Little’s links offer an intersectional explanation that weaves together a tradition of Caribbean Black mothers’ and othermothers’ community activism, relationships, and networking as supports for Black women’s participation in national politics. Beyond the recognition of exceptional, charismatic figures, and next to the successful trend in implementing gender quotas, the Costa Rican experience demonstrates that Black women’s political participation is catalyzed by a diasporic political motherhood practice that predates the identity politics era. As evidence of a Black women’s genealogy of politicians flowing from Eulalia Bernard Little (and her mother), the concept of Little’s links focuses on the ways that Black women have been politically motivated to work for the betterment of their Black communities, and how those shared aspirations have influenced and linked their political trajectories.

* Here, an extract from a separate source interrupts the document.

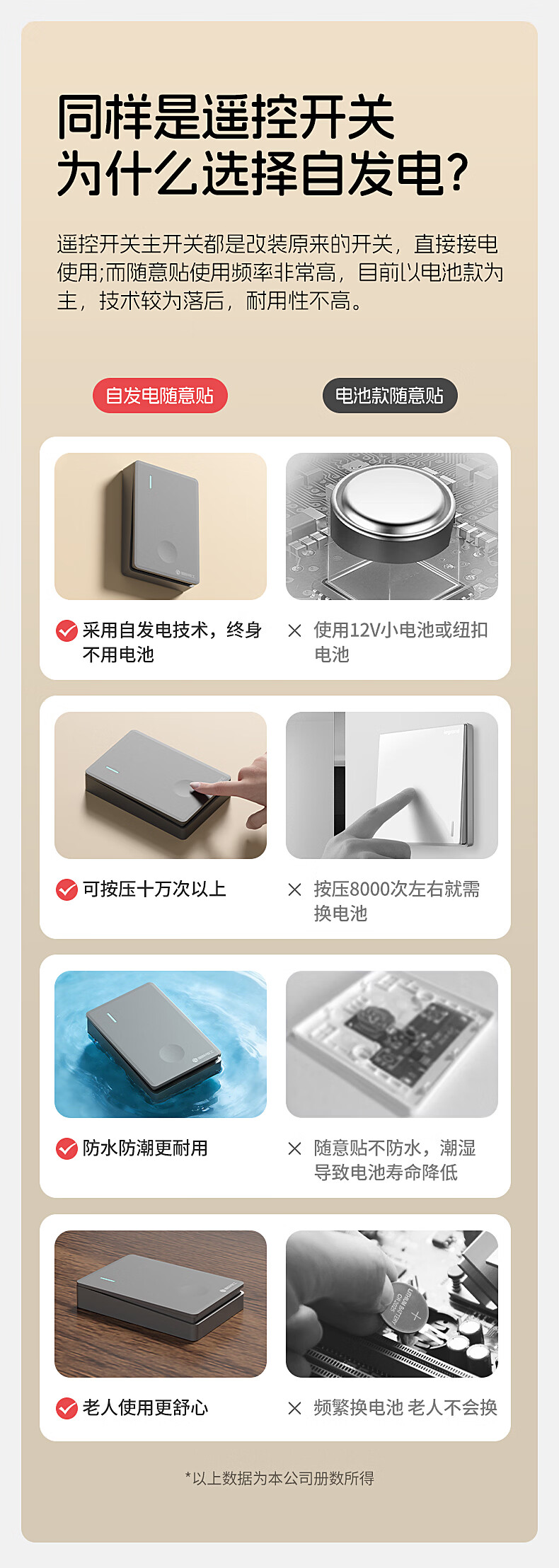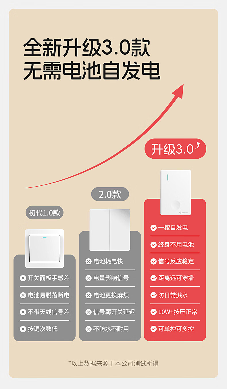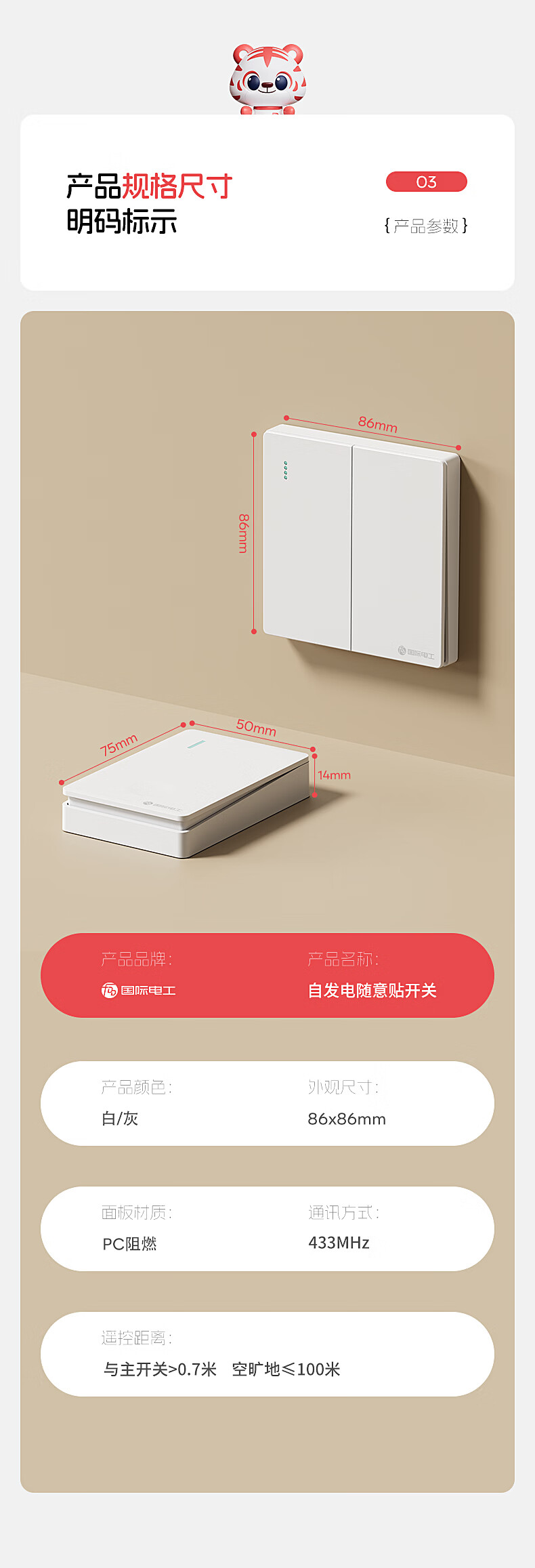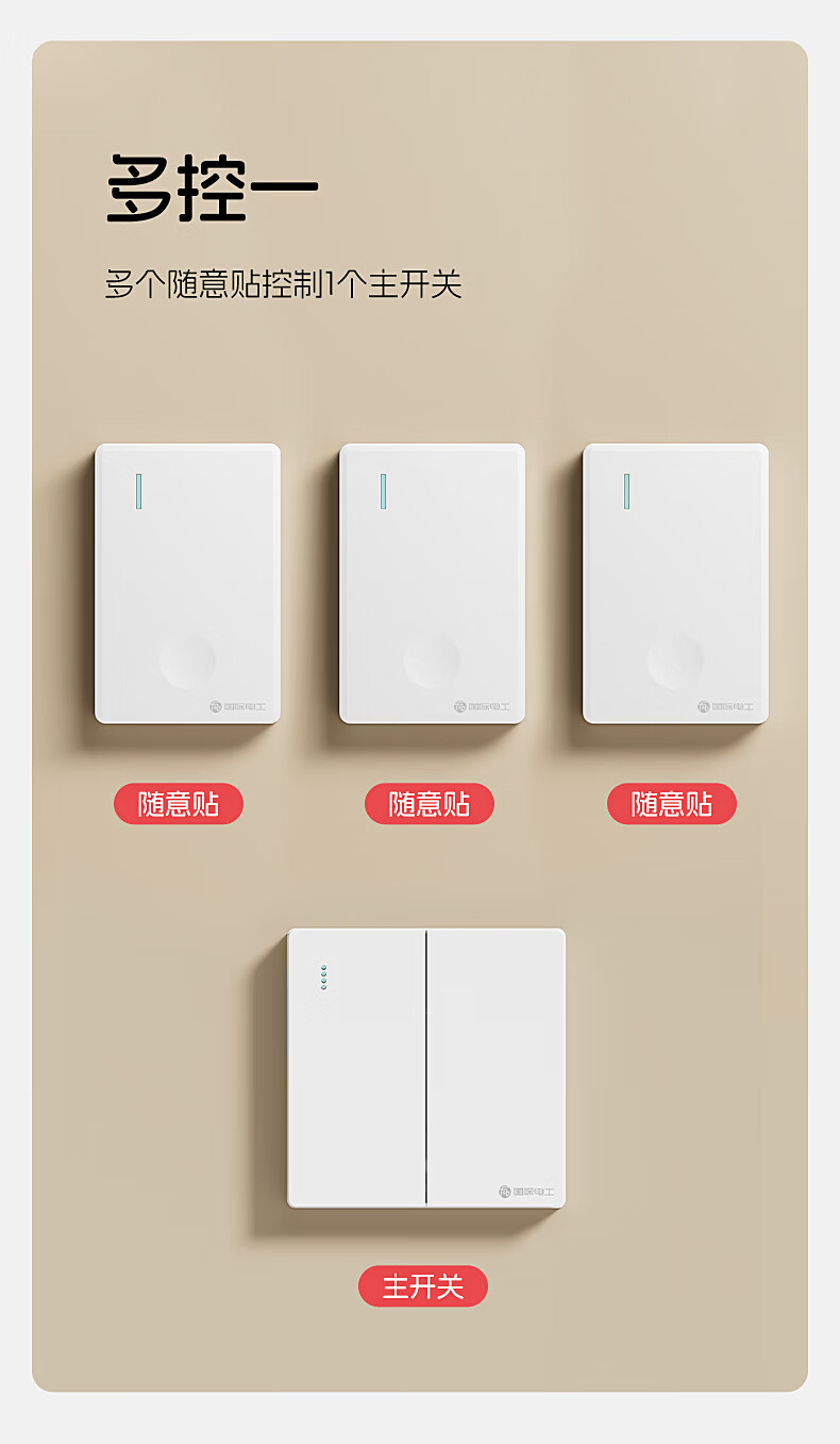 国际电工自发电无线遥控开关家用远程控制智能开关卧室客厅控制灯具随意贴 白色一开主机*1+迷你随意贴*2

The political trajectory of the first Black woman vice president in Costa Rica builds on three generations of women whose engagement in formal politics is rooted in their race, gender and ethnic intertwined positionalities as Black women of West Indian descent. The trajectory of Epsy Campbell cannot be understood without that of Joycelyn Sawyers or Eulalia Bernard, and their mothers and other Black Caribbean women’s black motherhood, othermothering, and women-centered networks politics before them. Black women continue a tradition of political participation in their Black communities, a political practice that links them together and propels their routes to the state. The centrality of female figures and their Black Caribbean understanding of political activism complicate premature assumptions of the influence of elites, family, and male figures as the only explanation for their political success.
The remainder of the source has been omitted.